Ramallo hopes to begin construction over the summer. The project — which could cost close to $25 million, funded by Ramallo and a small group of investors — cleared its first hurdle in January when San Bernardino County officials approved the land-use plans.
A UFO hotel wouldn't have much competition.
Two motels have closed. Another, next door to Alien Fresh Jerky, has vacancies but isn't exactly a five-star stay. A for-sale sign hangs out front.
But some have hope Ramallo's project wouldn't meet a similar fate.
Nono Khasa, who manages gas stations and fast-food restaurants in Baker, says the town is a stopping point for families, film crews and other motorists traversing I-15 or exploring the Mojave Desert.

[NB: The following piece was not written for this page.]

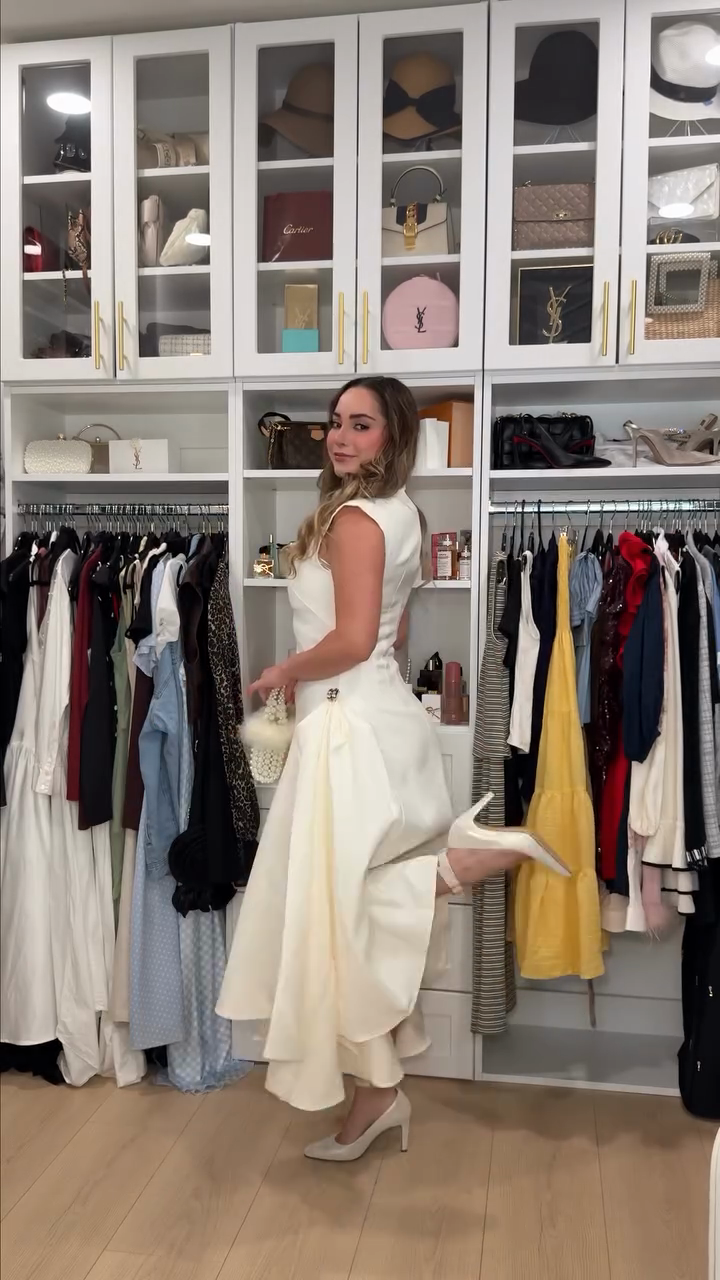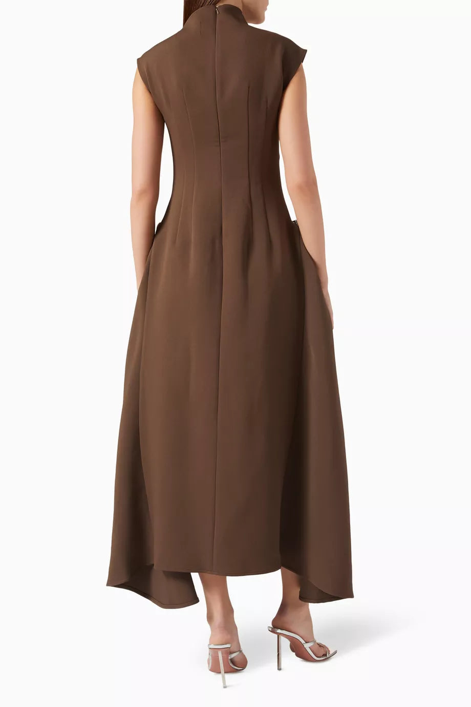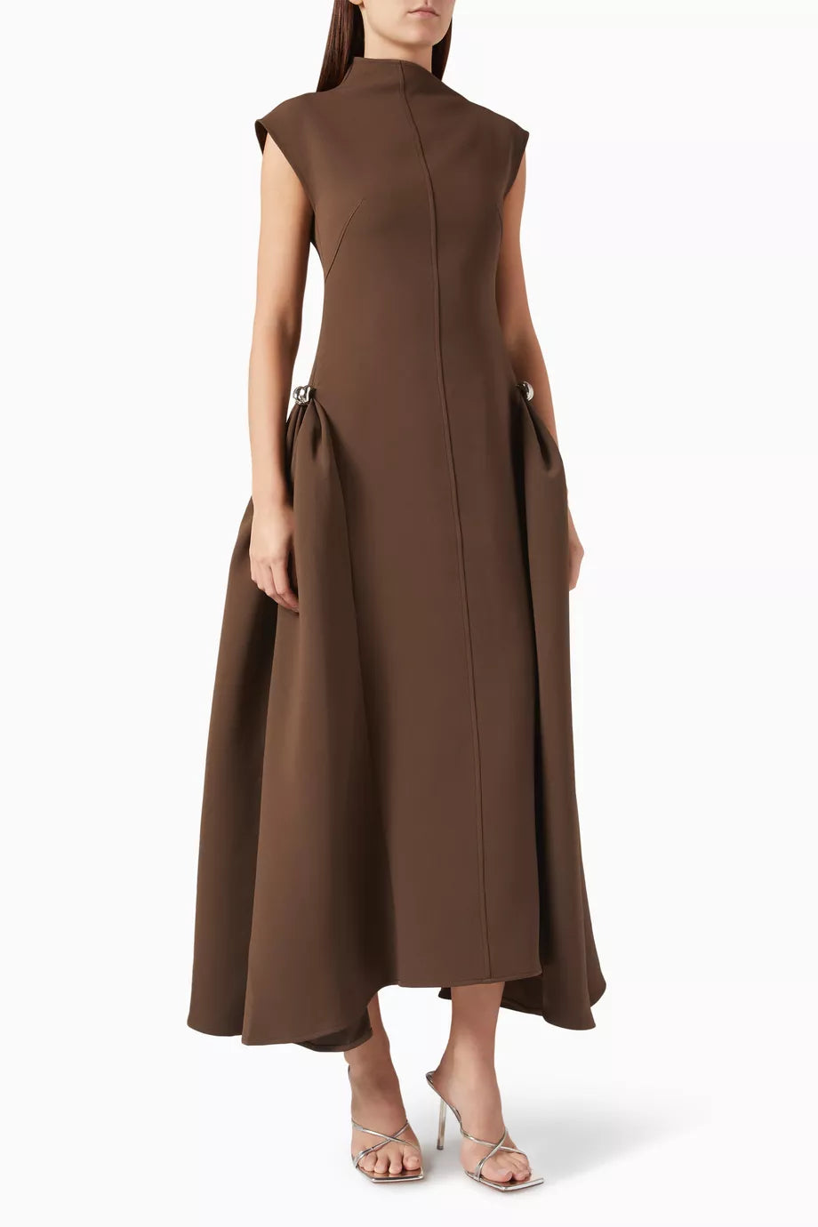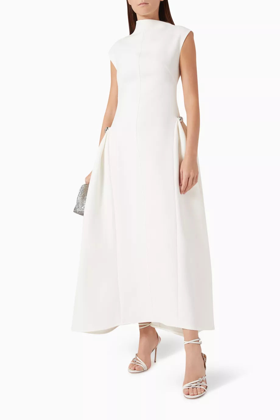 Design: White, high - neck, sleeveless, front zipper, flared maxi skirt, side decorative embellishments
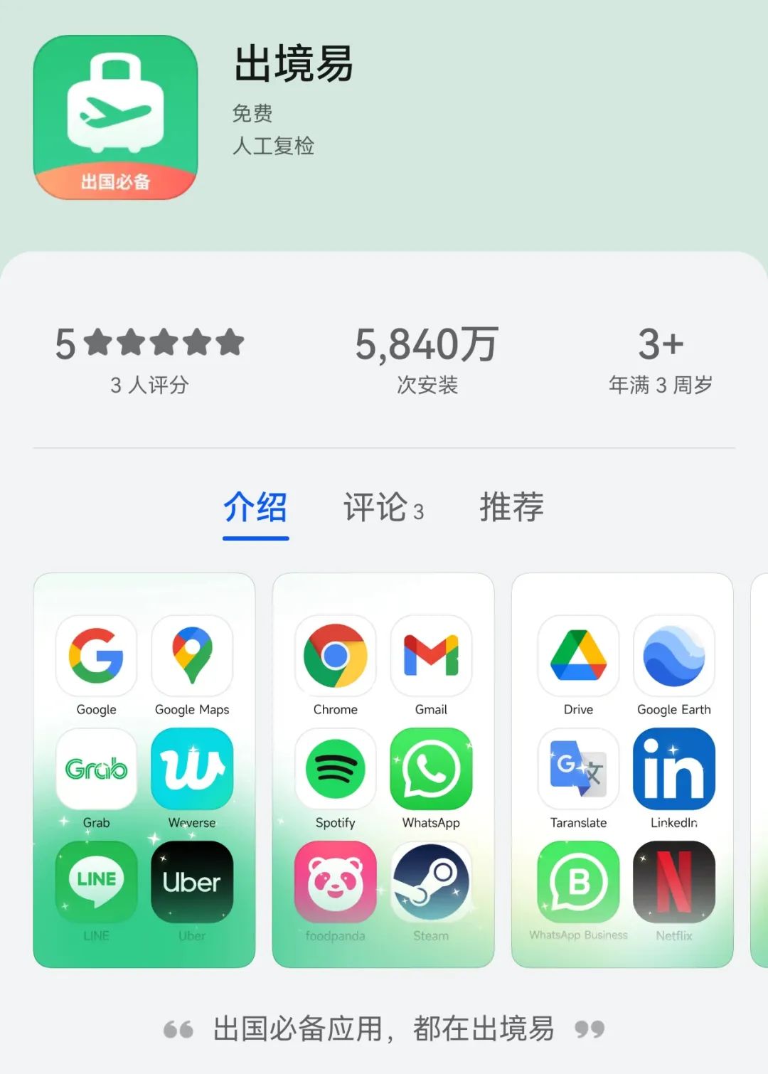 除了 Micro G 以外,华为手机还有很多渠道可以用上谷歌全家桶,比较常见的有 “ 出境易 ” 。它的实现方式跟 Micro G 又不太一样,你只能在出境易这个软件里面安装谷歌软件,并不能直接装在手机上。

"They are always looking for a place to stay," she says. "If there's a decent hotel in town, I think it will work well."
Overson says if the hotel were successful, it would bring jobs and perhaps a renewed optimism.
But he acknowledges Ramallo's risk in investing so much in a place that others have fled.
"It's either going to make or break him," Overson said. "It's a hell of a gamble, but all of his friends say he likes taking those gambles."
Ramallo drives past the modest home where he lived with his family when they started and pulls up to a wrought-iron gate, a golden "R" affixed to it.
With "Rancho Ramallo" emblazoned on an outer wall, Ramallo's new home has a manicured garden and a portico stretching over the driveway. At two stories, he brags it's the tallest building in Baker.
"This is my house," he says, brimming with pride. "In Baker."
There's an eight-car garage, a swimming pool, a lawn as green as a golf course and a barbecue pit big enough to roast entire goats for his birthday, just like in Argentina.
He calls Baker "my place," and has already told his family: When he dies, he wants his ashes spread here.
"This city," he says, "has given us a future."
He gives little thought to the possibility of his long-dreamed-of hotel becoming yet another shuttered business on Baker Boulevard.
"If it fails, it fails," Ramallo says. "What are you going to do? I'm not going to kill myself."
He's built all this from the ground up once. If he has to, he figures, he can do it again.